But it's advent and I believe in hope, even when I can't feel it beating or singing. I'm questing for hope this week as part of my advent pondering. And I'm writing about depression linked with my advent journey because this year I can't separate the two.

'The very least you can do in your life is figure out what you hope for. And the most you can do is live inside that hope. Not admire it from a distance but live right in it, under it's roof.' Barbara Kingsolver, Animal Dreams

On being alive

First thing this morning I went for a swim - one side of the sheltered bay to the other and back. The water was frigid and it was too early for the air to have warmed. I was the only one there. I stood in the sand looking out - seeing the beauty and feeling the chill. Thought about coming later instead.I made myself get in.

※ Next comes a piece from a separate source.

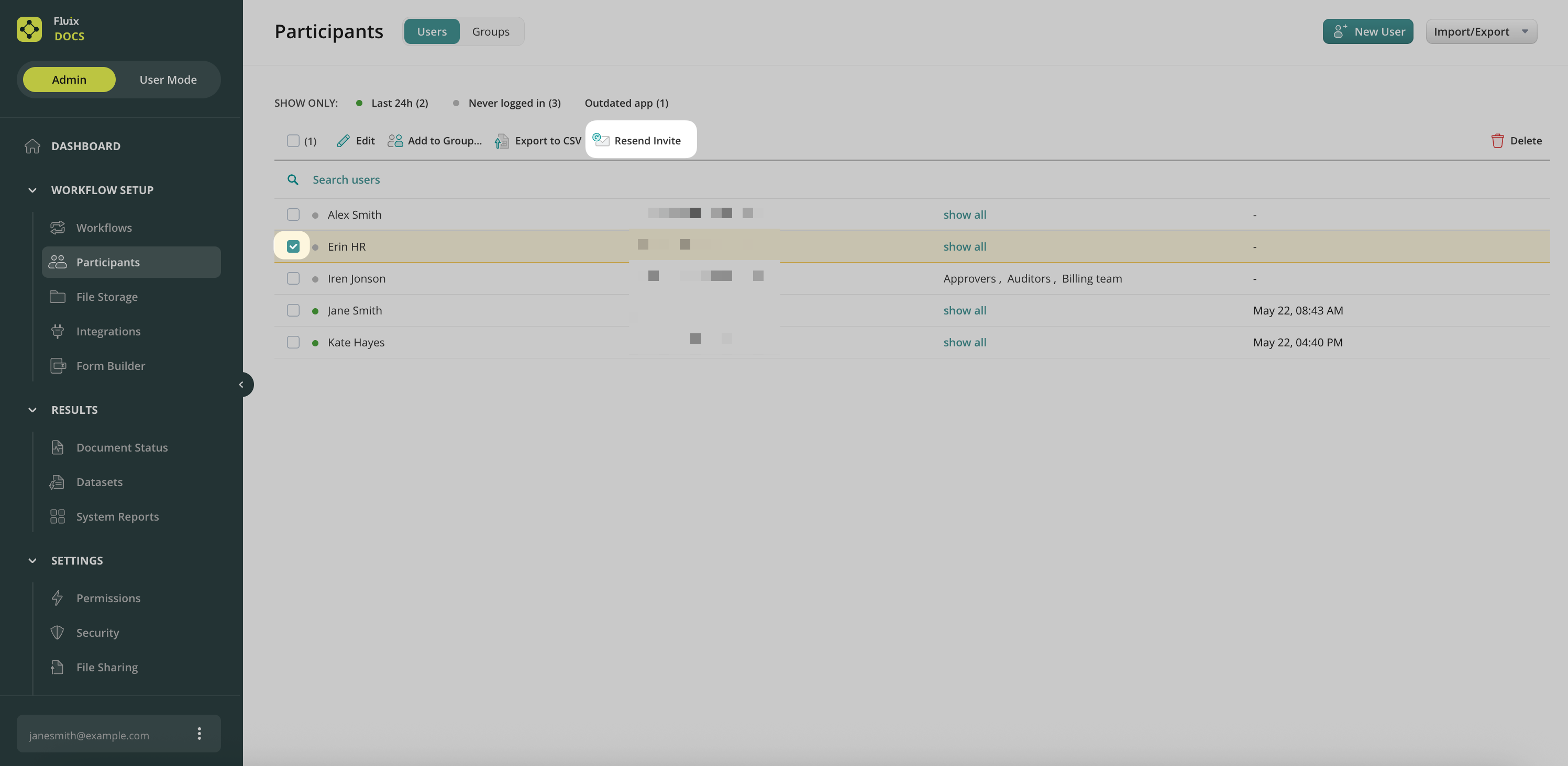 The invitation to access Fluix will be sent again to the selected user who hasnāt logged into the application yet.

My breath took half way across to even out. It was racing with my strokes and the coldness of the water. Racing through the dark depths. I cried at the gift of all the space to breathe - to feel my lungs full and free. To feel my breath come lightly amidst the gasping. The joy of tears and sweat and rebirth.

I start to think about how to do this always. Swim at dawn and come back breathing hard and alive. Kiss Aaron and eat bagels with my bed headed kids.

Sell everything and buy a sailboat. See the world. Move to a tiny cottage by the sea. Drink coffee on the rocks after greeting the day in the water. Make our own bagels. Eat every meal together. Feel God's goodness and feel alive.

I wonder about how to do this. If there is a life that escapes the tightness, the tragedy, the weight, the worry, the responsibility. I wonder if I'm allowed.